Headaches and Complementary Health Approaches: What You Need To Know
On this page:
- What’s the Bottom Line?
- Some Basics About Headaches
- What the Science Says About Complementary Health Approaches for Headache
- For More Information
- Key References
What’s the Bottom Line?
What do we know about the usefulness of complementary approaches for headaches?
Mind and Body Approaches
- Acupuncture can be helpful for headaches. Much of its benefit may be due to nonspecific factors including expectation, beliefs, and placebo responses rather than specific effects of needling.

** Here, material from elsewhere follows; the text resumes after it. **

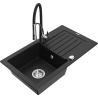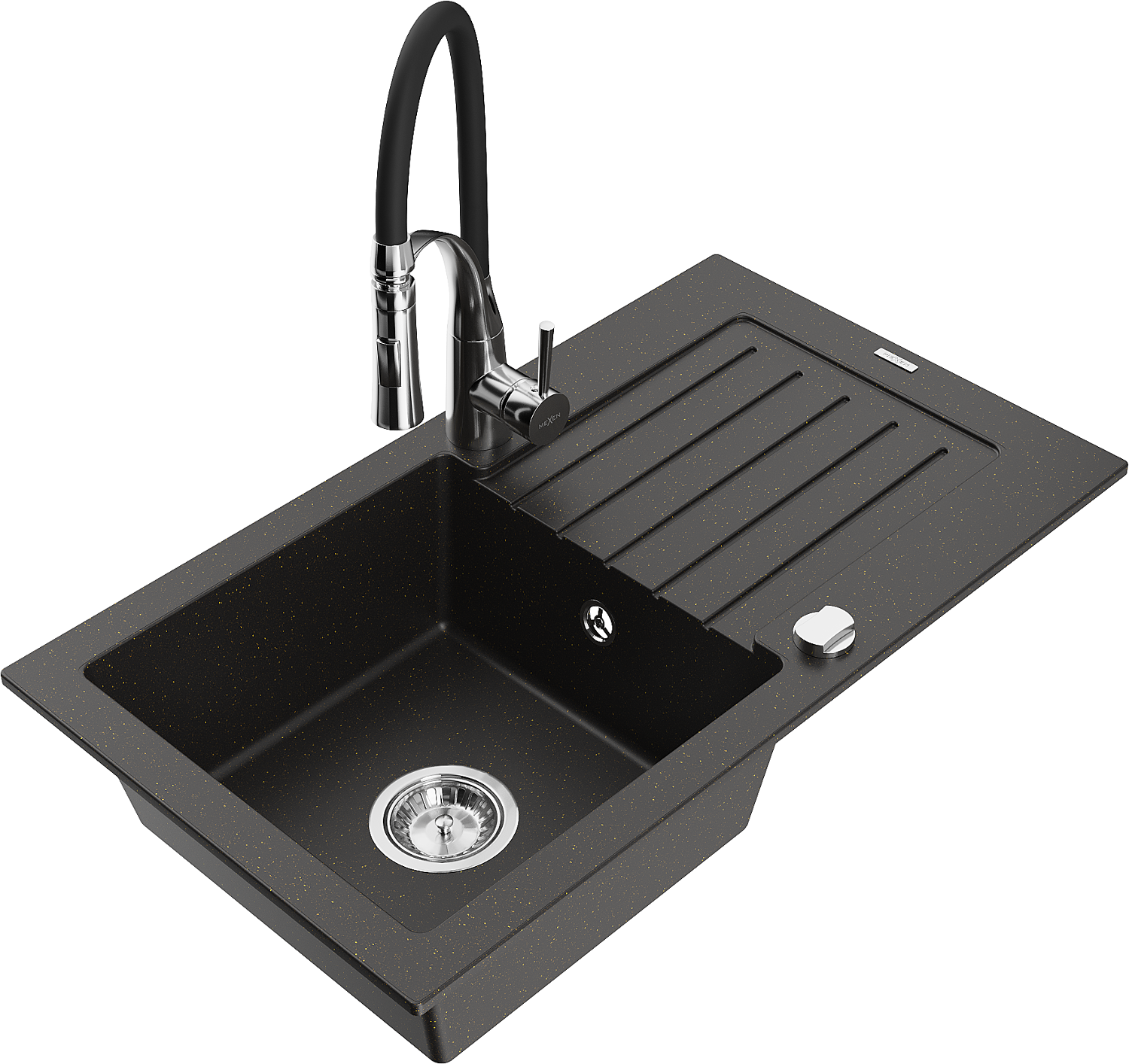 Mexen Pablo granitinė vienos kameros plautuvė su nusausintuvu ir virtuviniu maišytuvu Aster, juodas/auksinis metalikas

- Some studies indicate that biofeedback-based techniques may be helpful for tension headaches and migraines, but not all research results agree.
- For massage, relaxation techniques, spinal manipulation, and tai chi, the evidence is too limited or inconsistent to allow conclusions to be reached.
- Guidelines from the American Academy of Neurology and the American Headache Society classify butterbur as effective; feverfew, magnesium, and riboflavin as probably effective; and coenzyme Q10 as possibly effective for preventing migraines.
What do we know about the safety of complementary approaches for headaches?
In general, the complementary approaches discussed in this fact sheet have good safety records. However, that doesn’t mean that they’re risk-free for everyone. Your age, health, special circumstances (such as pregnancy), and medicines or supplements that you take may affect the safety of complementary approaches.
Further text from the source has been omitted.